Поклоняются же стигийцы проклятому Сету, Змею
Вечной Ночи, и воистину правят ими не светские государи-владыки, а коварные жрецы-чародеи, чьи мерзости, и хитрости, и тайные заклятья способны устрашить любого. Что же до их главных городов, то таковых насчитывается три: Кеми, близ самой дельты Стикса, Луксур и обитель мертвых Птейон.
За ним же, еще далее к востоку, на правом берегу реки, где она поворачивает в океан, стоит сильная крепость Файон, откуда стигийцы посылают воинов против шемитов. Место то, называемое
Сгибом, грозит корабельщикам бедой, ибо воды
Стикса бьют с разбега о скалы, и лишь опытный кормчий может провести судно без ущерба мимо гибельных водоворотов и бурунов.

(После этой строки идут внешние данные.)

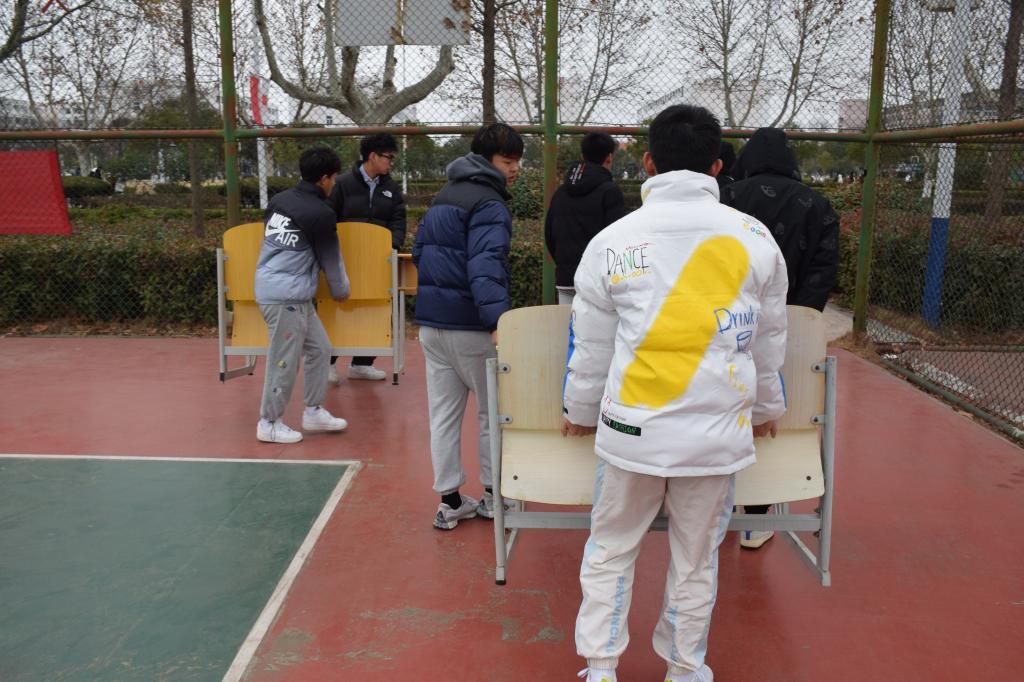活动开始,由王艳丽进行任务分配,将干事成员分为两组,一组成员检查室外设施是否完整并打扫卫生,另一组把闲置在室外的桌椅搬至体育楼。大家接到任务后,迅速投入到工作中,一组的人分工明确,在操场,篮球场,排球场等场地来回穿梭,他们仔细的检查现场的设施是否有损坏,并及时的清理垃圾。二组的人寻找室外闲置的桌椅,负责将其搬运回体育楼。尽管天气寒冷,但大家依旧干的热火朝天,彰显了体育学院学生积极向上的工作态度。体育学院室外体育设施也得到了有效的维护。在大家的共同努力下,也是圆满的完成了任务。活动最后大家合影留念。

Аквилонский манускрипт "Правдивое и истинное описание краев чужедальних, лежащих на полдень и на восход солнца"
Глава 2. В темнице Файона
Упираясь коленом в щербатый осклизлый камень, сжимая толстые прутья решетки, Конан висел на стене словно ящерица-геккон, пойманная в невидимые путы. Снаружи темнело; Стикс, темно-смоляной, стремительный, мрачный, ревел и клокотал у подножия скалы, увенчанной короной из семи высоких конических башен. Через неширокую щель зарешеченного окошка киммериец не мог разглядеть ни ближайших замковых укреплений, ни узкой каменистой отмели внизу - той самой, где он потерпел крушение пару дней назад. Там его и взяли - пока он валялся без памяти средь обломков своей лодки. Схватили, и без всяких расспросов, даже не накладывая оков и уз, швырнули в этот каменный мешок… Видно кто-то из стигийцев знал, кого вынесли к стенам Файона темные речные воды! Знал и поторопился упрятать обезоруженного пленника понадежней, пока тот не очнулся и не пустил в ход кулаки.

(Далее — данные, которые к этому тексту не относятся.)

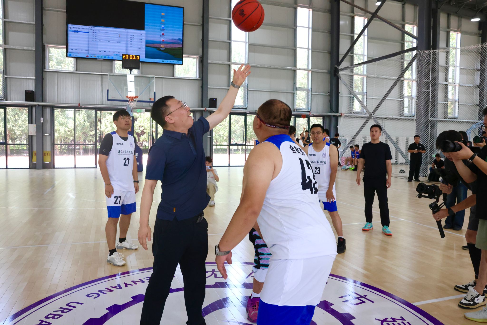仪式现场,校篮球队进行了精彩的技巧展示,学校领导依次为师生友谊赛开球。赛场上,运动员们展现了积极向上的精神风貌,赢得了阵阵掌声和欢呼声。

Пленника? О, Кром, Владыка! Не стоило обманываться на этот счет. Он не был пленником, он был осужденным. И приговор уже привели в исполнение… За два дня, что он просидел в проклятом каземате, ему не дали и крошки хлеба! Он вообще никого не видел и не слышал, лишь изредка какая-то тварь ревела и бушевала где-то наверху, над его темницей. Все, что он помнил - быстрое круженье в водовороте у скал, обломок весла в руке, удар, погасивший сознание… Очнуться ему предстояло уже тут, в каменной мышеловке, нагому, безоружному, беспомощному. Он валялся на прелой соломе, а рядом стоял глиняный кувшин с водой - отнюдь не знак милосердия, а лишь способ продлить его муки.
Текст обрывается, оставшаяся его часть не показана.